Contrary to the beliefs set by his Seventh-day Adventist Church, Republican presidential hopeful Dr. Ben Carson has no problem with women being ordained as pastors.
"I don't see any reason why women can't be ordained," he said, adding that it was a "huge mistake" for Adventist leaders to vote against female ordination.
According to Christian News, Carson was talking about the 60th General Conference Session held in San Antonio last January, where Adventists voted 1,381 to 977 to dismiss the question, "Is it acceptable for division executive committees, as they may deem it appropriate in their territories, to make provision for the ordination of women to the gospel ministry?"

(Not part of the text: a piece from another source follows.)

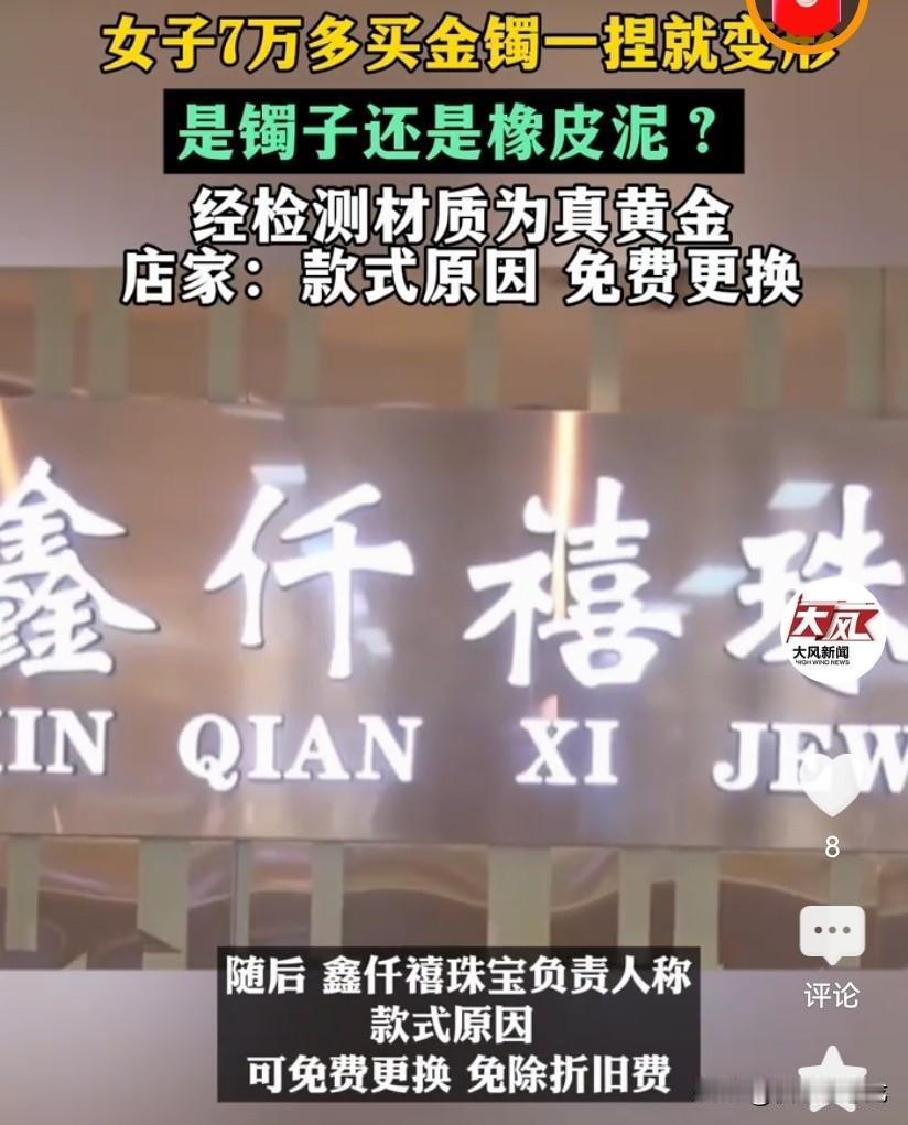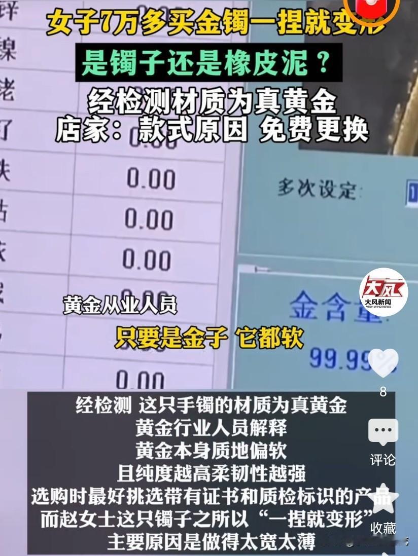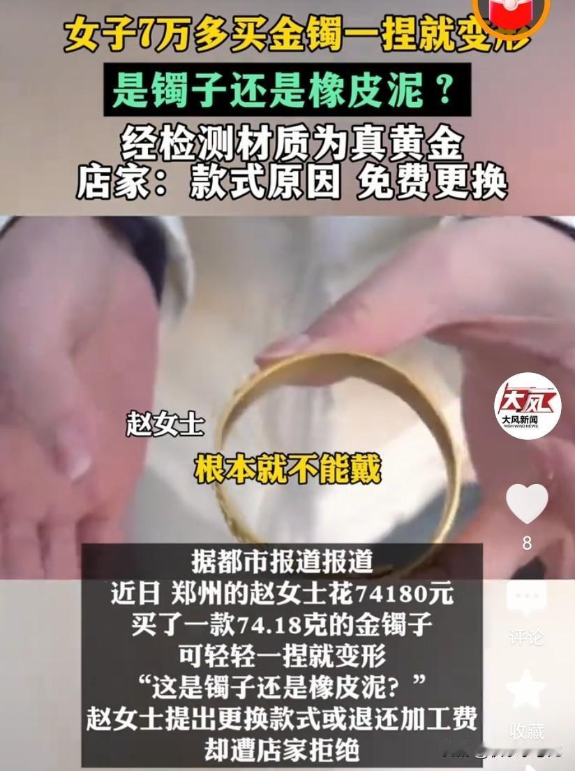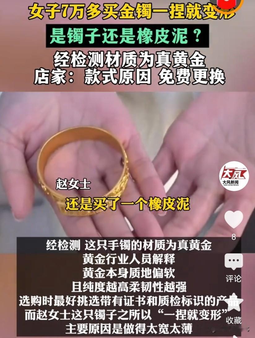 真离谱!浙江一女子看上一个手镯,花了7万多,没想到戴了几天,足金手镯轻轻一捏就变形了。她气冲冲地找商家讨说法,对方却称高纯度黄金,质地偏软、变形是正常现象。女子满脸质疑,觉得7万多买的镯子这么“娇气”,实在说不过去。 女子攒了好几年的积蓄,就想入手个靠谱的足金手镯,既能日常佩戴撑场面,还能当传家宝保值。商家在柜台一个劲夸这款镯子纯度高、工艺好,沉甸甸,有质感,她越看越喜欢,咬咬牙就付了钱。 谁知道戴了还不到一个星期,那天她整理头发,手指不小心碰到镯子,就轻轻捏了一下,原本圆润的镯身直接凹进去一块,怎么掰都掰不回来。 找到商家时,她把变形的镯子拍在柜台上,要求退货或者换货。店员看了一眼,轻描淡写地说了一句“足金就是这样”,还拿了块金条演示,用手一弯就变了形。高纯度黄金密度软,日常佩戴难免会有磕碰变形,不属于质量问题。 女子听得火冒三丈,反驳说自己戴的时候格外小心,根本没磕没碰,就是轻轻一捏就坏了,这要是正常,那买回家难道得供起来? 她要求商家拿出检测报告,证明镯子纯度没问题,可商家只肯口头保证,迟迟不肯提供实质证据。 懂行的人都知道,足金质地软确实容易变形,7万多的高价手镯,工艺上应该会做加固处理。商家在售卖前就必须明确告知消费者。 消费者花大价钱买黄金,图的就是放心耐用,就算知道足金软,也没想到一捏就变形。商家不能光拿“材质特性”当挡箭牌,更该反思自己的服务和产品工艺。 花钱买东西,尤其是贵重物品,消费者有权知道产品的所有关键信息。希望商家能多些真诚,少些套路,别只想着卖货,把该说的风险都讲清楚,才能避免矛盾。

Recently, Republican rival Donald Trump seemed to denigrate the Seventh-day Adventist Church. "I love Iowa. And, look, I don't have to say it, I'm Presbyterian," Trump said. "Can you believe it? Nobody believes I'm Presbyterian. I'm Presbyterian. I'm Presbyterian. I'm Presbyterian. Boy, that's down the middle of the road folks, in all fairness. I mean, Seventh-day Adventist, I don't know about. I just don't know about."
In his defence, Carson said he explored different churches while he was studying at Yale University because he went through a period of frustration with his church. He attended Roman Catholic, Methodist, Baptist, and Lutheran services for a brief period of time, but in the end, he went back to Seventh-day Adventist Church.
"I concluded it was the right church, just the wrong people. The church was very segregated," Carson said. "You know, if you have the love of God in your heart, it seems like you wouldn't do that. That has changed fairly significantly since that time."
Aside from ordaining women, there are other things that Carson disagrees with the Seventh-day Adventist Church. Founder Ellen G. White has rejected Roman Catholicism, but Carson does not agree with her.
"I love Catholics," Carson proudly said. "My best friend is Catholic. I have several honorary degrees from Catholic universities."